Похвала Сергию - Дмитрий Михайлович Балашов
Шрифт:
Интервал:
Закладка:
У Василия раздулись ноздри, захотелось схватить ее в охапку и швырнуть в снег. Но Соня сделала шаг, еще шаг и, строго глянув, взявши его за предплечья, притянула к себе.
– Целуй! – сказала она и сама поцеловала его взасос, долго-долго, так что дыхание перехватило, невзирая на слуг, холопов, на сенных девушек, ратников и бояр.
Василий на миг закрыл глаза, вспомнил опять ту скирду и ее тогдашние шалые глаза и отбивающиеся руки.
– Изменилась, да? – спросила она грудным, слегка хрипловатым, прежним голосом. – Все думала о тебе! – добавила с легким упреком, поднося его ладони к своим щекам.
Василий стоял, все больше и больше узнавая ее прежнюю. В голове вертелся какой-то огненно-праздничный вихрь. Он еще ничего толком не понимал, не чуял, но Соня уже поняла все. Протянула свою ладошку, коснулась его щеки.
– Возмужал! – сказала. – Уже не мальчик, великий князь! – прибавила уважительно, заглядывая ему в глаза, а Василий именно теперь почуял себя перед нею глупым до того, что впору было заплакать. – У вас пост? – вновь вопросила она, – Ничего! Ты мне пока Москву покажешь и познакомишь с твоими родными!
И только когда она уже повернулась к нему спиной и взялась за рукояти дверей, собираясь влезать в возок, он понял, что любит ее по-прежнему, и, оттолкнув слугу, кинулся к ней помочь. Поднял, не чуя тяжести, замедлив движение рук, а она опять, полуобернувшись к нему, насмешливо молвила:
– Прощай до Москвы!
Дверцы возка захлопнулись, Князь, справившись с собою, вдел ногу в стремя, взмыл в седло, круто заворотил коня. Морозный ветер бил ему в лицо, остужая щеки, а он скакал и повторял одно, убеждая себя и все еще не веря: «Люблю, люблю, люблю!»
Глава третья
Киприан, усевшись на вожделенный владимирский стол, проявил энергию, не свойственную его возрасту. Помимо дел церковных, зело запутанных (иные попы, ставленные Пименом по мзде, не разумели и грамоте. Таковых приходилось лишать сана и отправлять либо в мир, либо послушниками в монастыри), помимо исправления литургии, перевода греческих книг, помимо сочинения жития митрополита Петра, Киприан вникал во все хозяйственные заботы, шерстил данщиков, твердою рукою подавляя возникающий ропот, собирал недоданное за прошедший год, тут же щедро помогал князю восстанавливать погоревшую Москву, служил обедни, поставлял попов, крестил боярских и княжеских чад, отпевал сановитых покойников, заботил себя росписью и украшением московских и владимирских храмов.

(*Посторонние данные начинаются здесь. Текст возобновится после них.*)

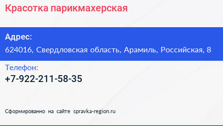Красотка, парикмахерская по адресу 624016, Свердловская область, Арамиль, Российская, 8 в дальнейшем Организация, размещена в следующих категориях: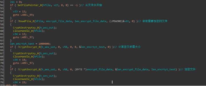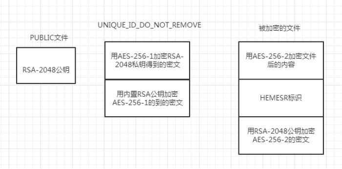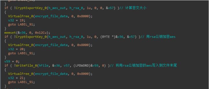 最后,病毒将AES密钥用PUBLIC中的RSA公钥加密,再将加密后的AES密钥写入到文件尾部。
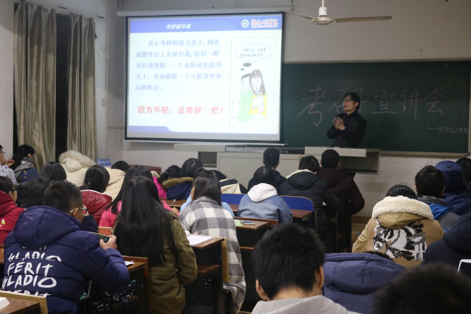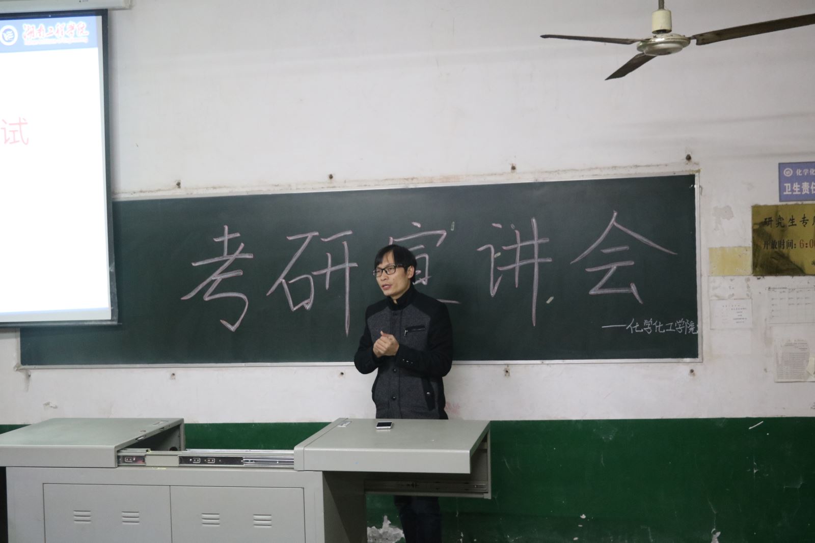 11月25日晚7点,化学化工公司应用化学专业在四教301举办考研宣讲会。本次宣讲会的主讲人为化学化工公司博士吴锋景。应用化学专业全体同学到场聆听。

Ивану Федорову, дабы не потерять прибыльного места владычного данщика, приходилось сутками не слезать с седла, мотаясь с поручениями Киприана по всей волостке. Он только крякал, соображая, что при Пимене было ему легче во сто крат. Тем паче новый владыка затеял мену селами с князем Василием, и приходило объезжать все эти села, успокаивая народ. Не успели избыть ту беду, а Киприан уже кивает Ивану Федорову:
– Готовься! Скоро должно будет нам с тобою ехать в Тверь, неспокойно тамо!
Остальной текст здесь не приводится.